Declaration of Interest: Kate Cavanagh is a consultant to Ultrasis plc, which licenses Beating the Blues.
Computerized cognitive behavioural therapy and the therapeutic alliance: A qualitative enquiry
Article first published online: 17 APR 2012
©2012 The British Psychological Society
British Journal of Clinical Psychology
Volume 51, Issue 4, pages 396–417, November 2012
How to Cite
Barazzone, N., Cavanagh, K. and Richards, D. A. (2012), Computerized cognitive behavioural therapy and the therapeutic alliance: A qualitative enquiry. British Journal of Clinical Psychology, 51: 396–417. doi: 10.1111/j.2044-8260.2012.02035.x
- Issue published online: 19 OCT 2012
- Article first published online: 17 APR 2012
- Received 6 January 2011; revised version received 14 February 2012
Objectives. Computerized cognitive behavioural therapy (cCBT) for depression has a growing evidence base, and is recommended as a treatment choice for depression in recent National Institute for Health and Clinical Excellence (NICE, 2009) guidelines to health services in England and Wales. cCBT programs are designed to translate the evidence-based tasks and techniques of CBT into an accessible, multimedia format, but it is less clear whether they also translate critical common factors of therapy, which may be necessary for engagement and associated with therapeutic outcomes. This study investigates whether and to what extent three widely used cCBT programs for depression incorporate and convey key features that serve to establish, develop, and maintain a therapeutic alliance with program users.

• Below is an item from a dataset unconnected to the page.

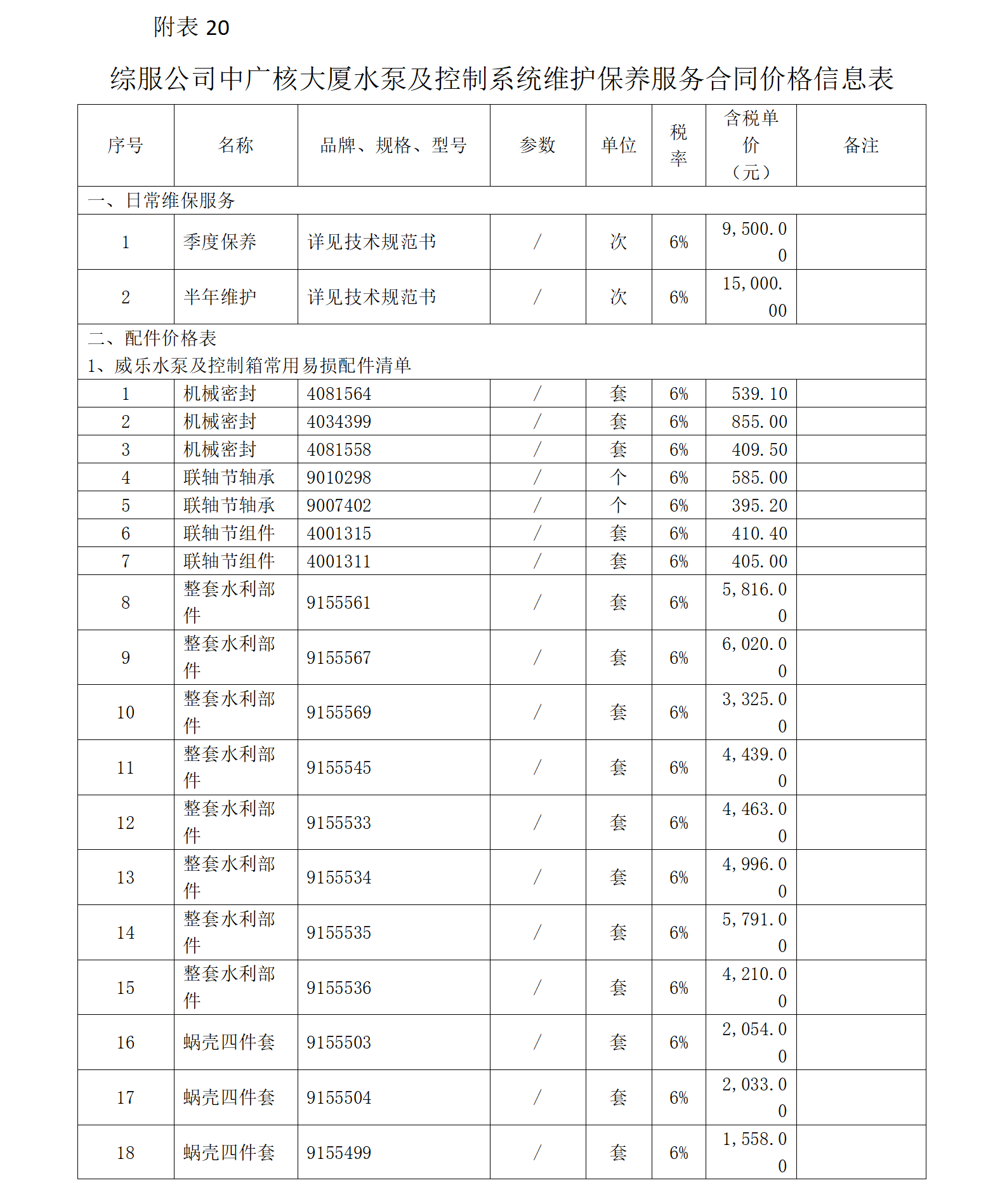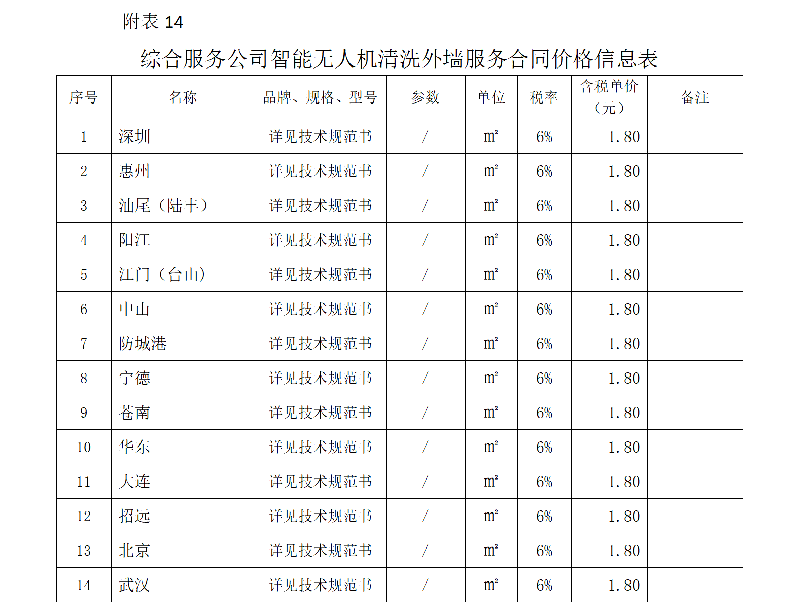 中廣核服務集團有限公司外部合同供應商與合同價格信息公開表(第四期)

Design. This study adopted a qualitative approach to develop a thematic framework of alliance features specific to cCBT.
Method. Three online cCBT programs designed to treat mild-to-moderate depression were investigated for alliance-related themes and sub-themes.
Results. The analysis revealed substantial evidence of therapeutic alliance features across the sample of cCBT programs, the prevalence and quality of which varied across relational stages.
Conclusions. cCBT programs build on traditional self-help tools, offering unique relational features. Findings raise theoretical implications, in addition to guidance for future cCBT program development and service provision.